Otro chico me dijo que le pagaron para descargar cajas etiquetadas como ‘donativos’. Cuando se negó, apareció dos días después blanco como el invierno, con espuma en los labios.” La palabra sobredosis estaba ahí sin ser mencionada, un moretón bajo una manga. Juan sintió el medallón calentarse en su palma, como el metal toma calor y lo mantiene un segundo más que la piel. El teléfono de Juan vibró en su chaqueta, un número desconocido, y contra su mejor juicio respondió, como si estuviera sacando una astilla para admirar su punta. “¿Disfrutando de los humedales, Inspector Ovieda?” La voz era suave como una anguila en sedimento, inubicable, filtrada.
Un motor distante funcionaba en la calzada; la luz barría los juncos como un buscador aburrido. Apagó el teléfono sin responder, lo deslizó dentro de su bota y observó cómo el rostro de Tonet se tensaba. De vuelta a la moto, bajo el asiento encontró lo que había pasado por alto en su prisa: una pequeña caja negra del tamaño de una lata de sardinas, imantada al marco con un LED rojo parpadeando como un corazón constante y estúpido. La envolvió en papel de aluminio de una manta de emergencia vieja en su equipo y la guardó; quien estuviera contando sus pasos podría contar los equivocados.
El lago respiró y exhaló, un suspiro que movió los juncos para que su aplauso seco temblara en la línea. En algún lugar, una cuerda golpeó la madera como una palma golpea una mesa para callar una sala. Una furgoneta blanca asomó sobre la tierra compactada, como una ballena varándose, seguida por un sedán oscuro cuya luz interior permaneció ominosamente apagada. El guardia del club que Juan había visto en la rejilla del sótano salió, su chaqueta salpicada de marcas de sal como leche fosilizada, las mangas cubiertas de fibras de esparto que brillaban pálidas.

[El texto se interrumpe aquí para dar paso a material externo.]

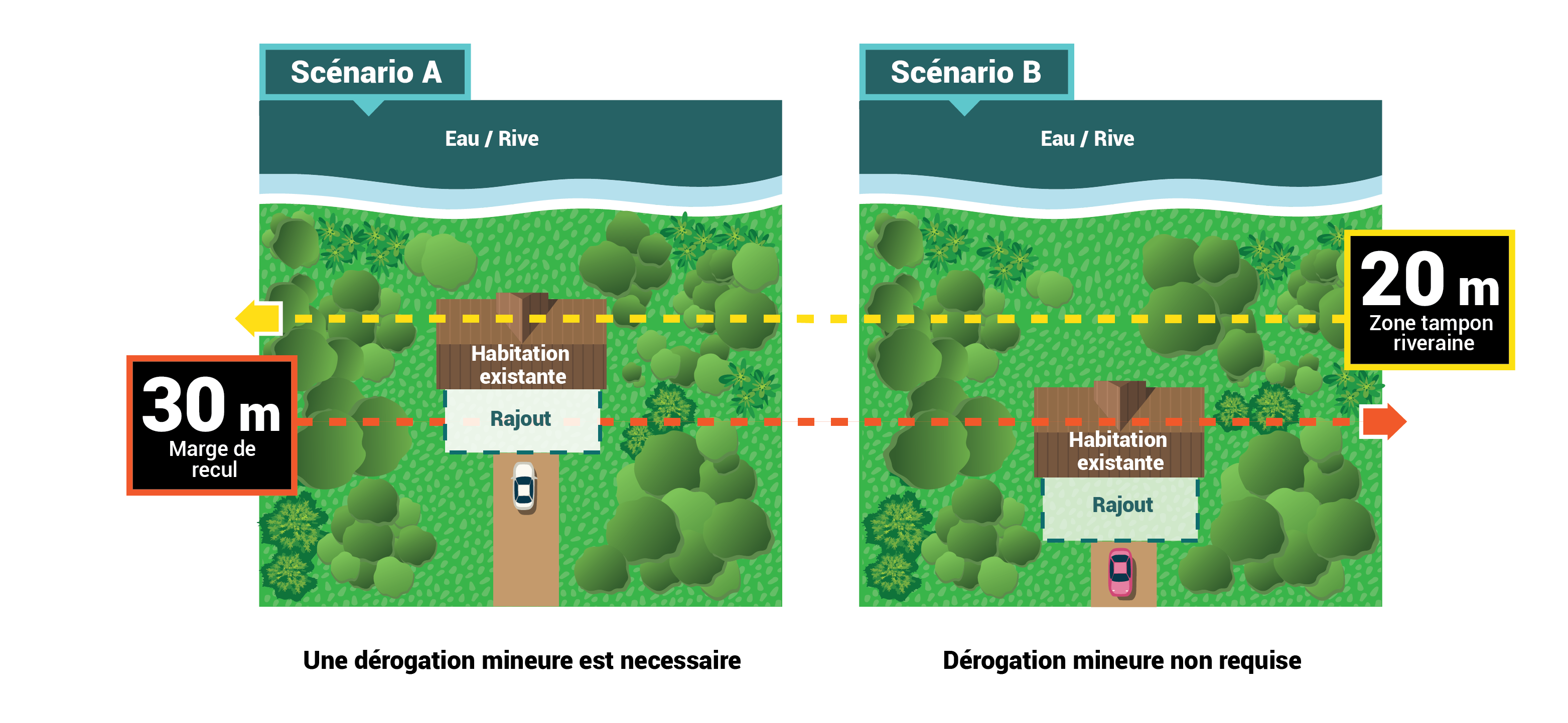 Le règlement municipal de zonage contient des dispositions qui permettent la réfection, l’agrandissement, la réparation et la rénovation. Dans certains cas, une dérogation mineure pourrait être exigée et dans d’autres, non. Si votre camp ou votre habitation est situé à l'intérieur de la marge de recul requise ET que l'ajout est partiellement ou entièrement situé à l'intérieur de la marge de recul, une dérogation mineure sera nécessaire. Les propositions seront évaluées au cas par cas par le personnel, et la recommandation d'approbation peut dépendre des caractéristiques du site, telles que la taille et la disposition (par exemple, un terrain de forme irrégulière), l'existence de contraintes empêchant la construction en conformité avec le règlement de zonage, etc.

“Inspector,” dijo con una sonrisa que no dejaba ver dientes, “nuestros miembros valoran la privacidad.” Otras dos figuras se acercaron al puente, sus botas suaves, como si no quisieran despertar a algo que dormía allí. La Moto Guzzi rugió a la vida con el primer patadón, un gruñido que descendió por su columna con alivio y algo parecido a la alegría. Se deslizó pastando el parachoques de la furgoneta con un espacio de una mano y tomó el camino del dique, los juncos azotando sus piernas mientras las libélulas rebotaban contra la luz del faro como chispas. La orilla del lago se túnelaba hacia él, negra y plateada, el mundo resumido en el crujido de grava, viento y la rápida mirada de estrellas en el agua.

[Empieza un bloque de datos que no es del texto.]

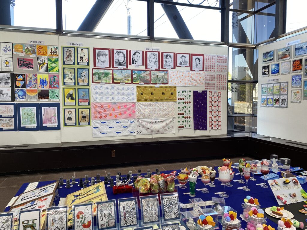 福岡県の中学生の優勝作品が一堂に会した展覧会です。那珂川北中の作品、一際輝きを放ち展示されています🤩
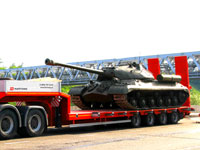 Тяжеловесный трал с танком на борту стал центральным экспонатом XVII международной выставки «Строительная техника и технологии».
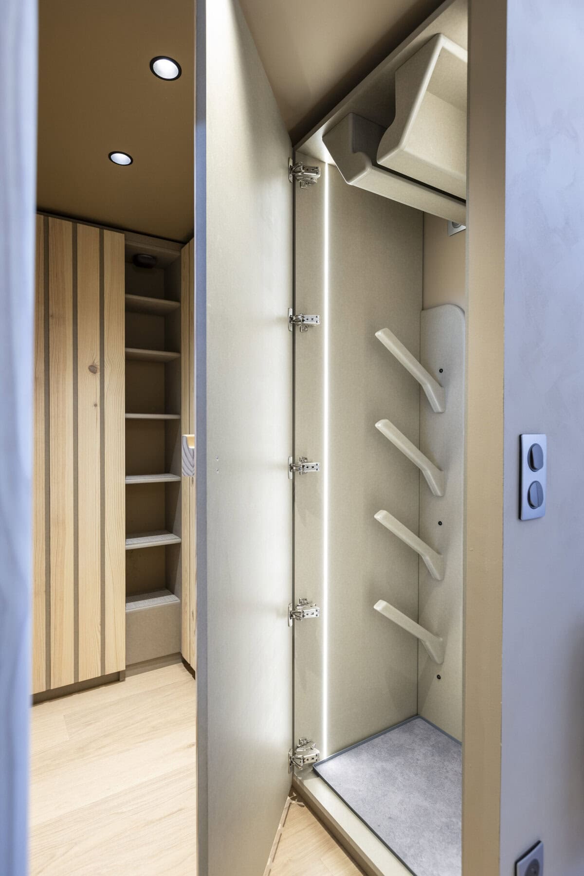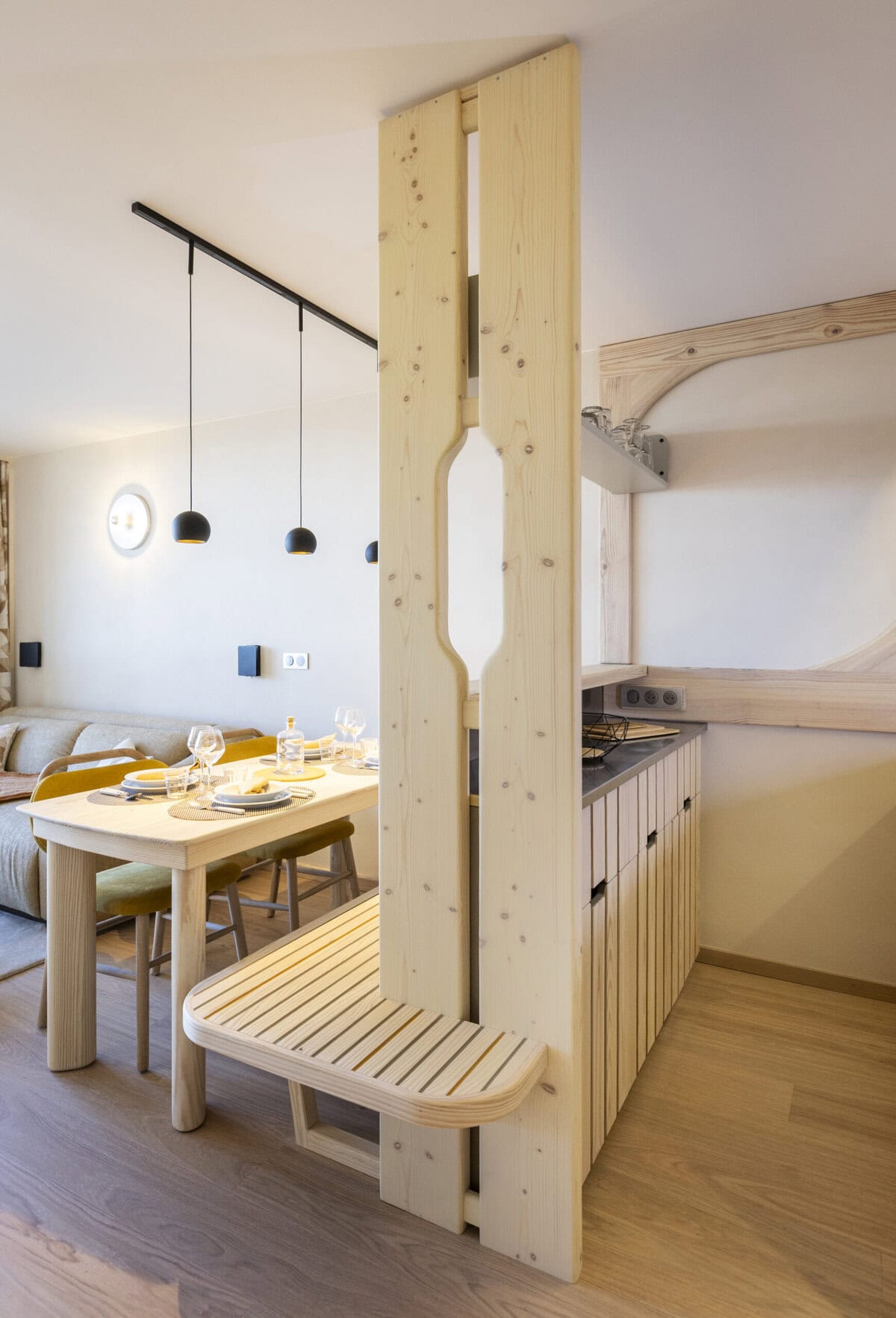 Afin d’améliorer le confort et la fonctionnalité du lieu, de nombreux agencements sur mesure ont été conçus. Les codes d’un design devenu iconique ont été réinterprétés de manière contemporaine : meuble TV intégrant la radio d’origine, table à rallonge papillon, banquette repas, tête de lit, placards aux poignées délicatement dessinées, ou encore le strapontin, clin d’œil à l’ingéniosité des aménagements d’origine.

No miró hacia atrás hasta que tuvo que hacerlo, cuando los faros del sedán esculpieron el camino de blanco. Apagó el motor y se metió en la sombra de un tamarisco, respiración constante, manos seguras en la oscuridad, el recibo abierto en una palma. Almacén 14-1 le miraba desde una página deformada, el sello de murciélago y ancla borroso pero definido, Token 7B subrayado como una acusación. Al otro lado del agua, una luz parpadeó y reapareció, no era la linterna de un pescador, sino el lento parpadeo de un rodamiento.

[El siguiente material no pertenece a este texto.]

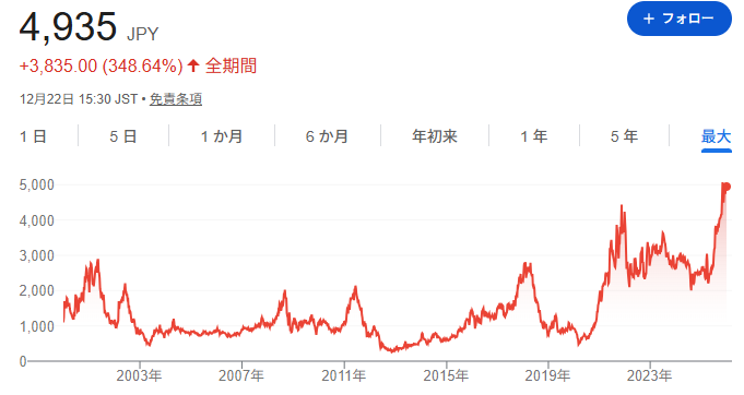直近では減益局面にもかかわらず増配を継続しており、株主還元への意識は明確です。株価4,935円前後で利回り約3.0%、PER14.44倍、PBR1.04倍という水準は、半導体関連株としては過度な割高感はありません。
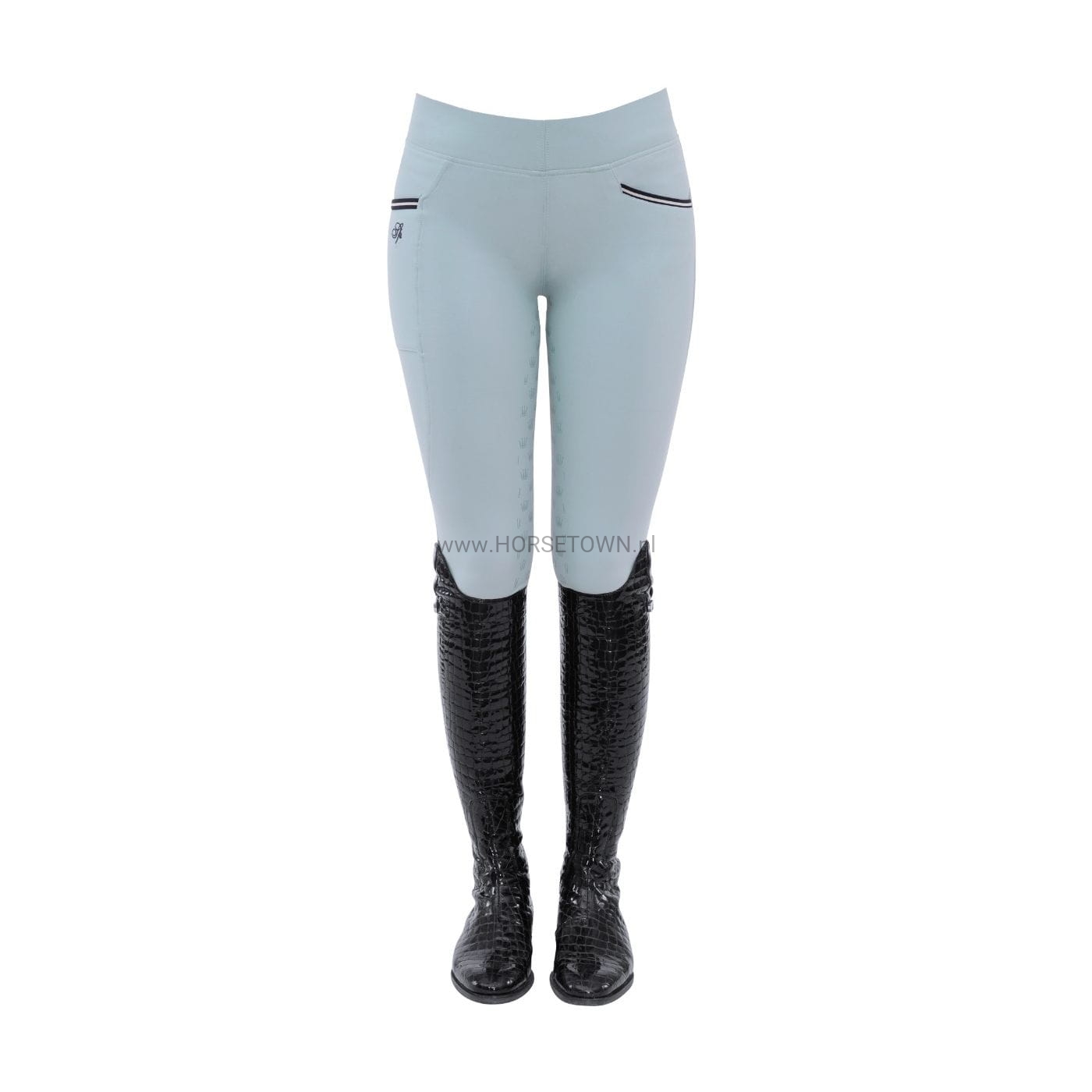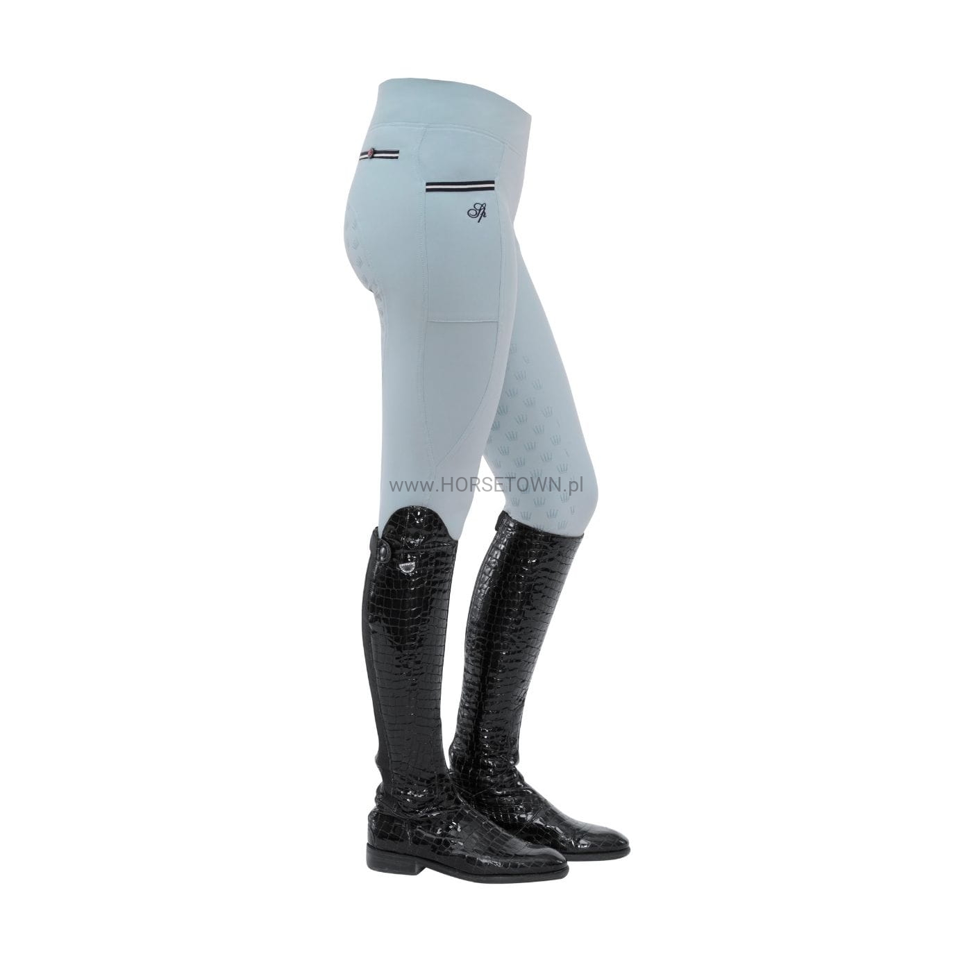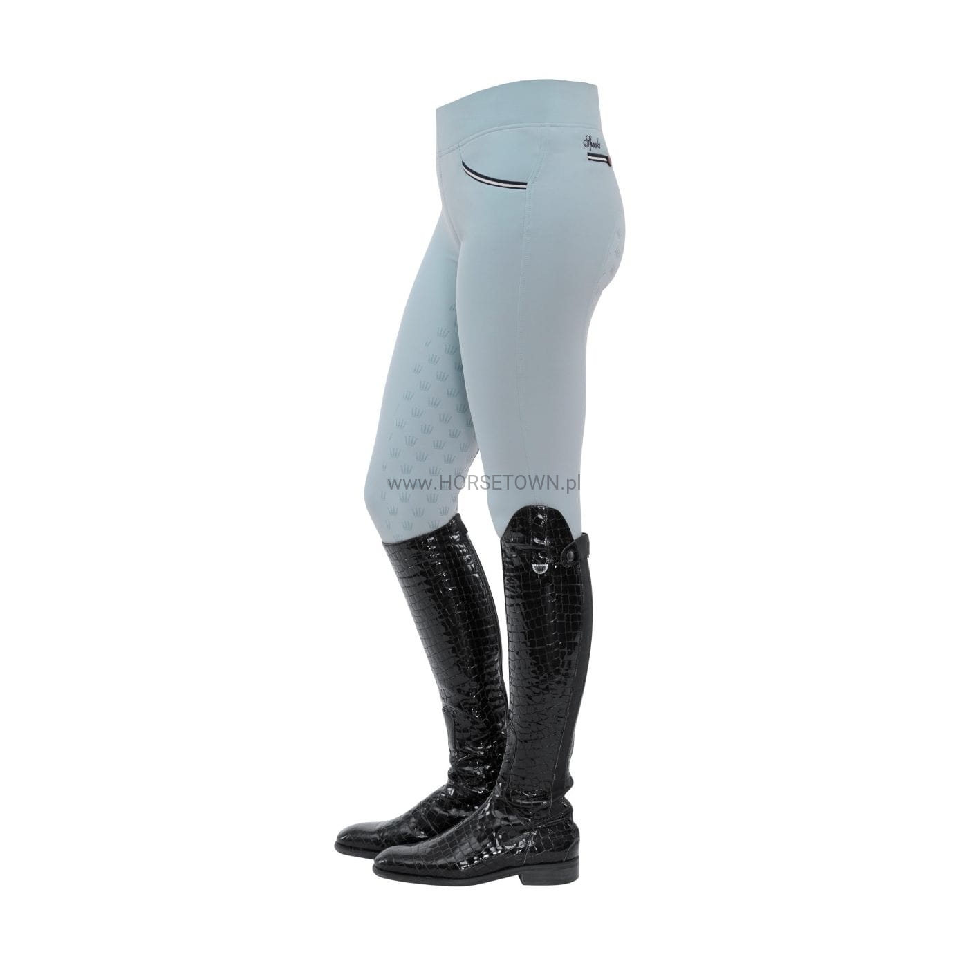 Super lekkie legginsy do jazdy konnej z bardzo szerokim pasem dla idealnego dopasowania i praktyczną kieszenią na telefon komórkowy na prawej nogawce. Kolba jest wyposażona w małe korony SPOOKS.

Algo siseó y golpeó contra el poste junto a su oído, astillas picándole la mejilla, el olor de cordita entrelazado con naranja y barro. “Hora de negociar,” llamó una voz, al otro lado de los juncos, divertida de una manera que no tenía nada que ver con el humor. “¿Qué nos darás por la pequeña moneda, Ovieda: tu silencio o tu aliento?”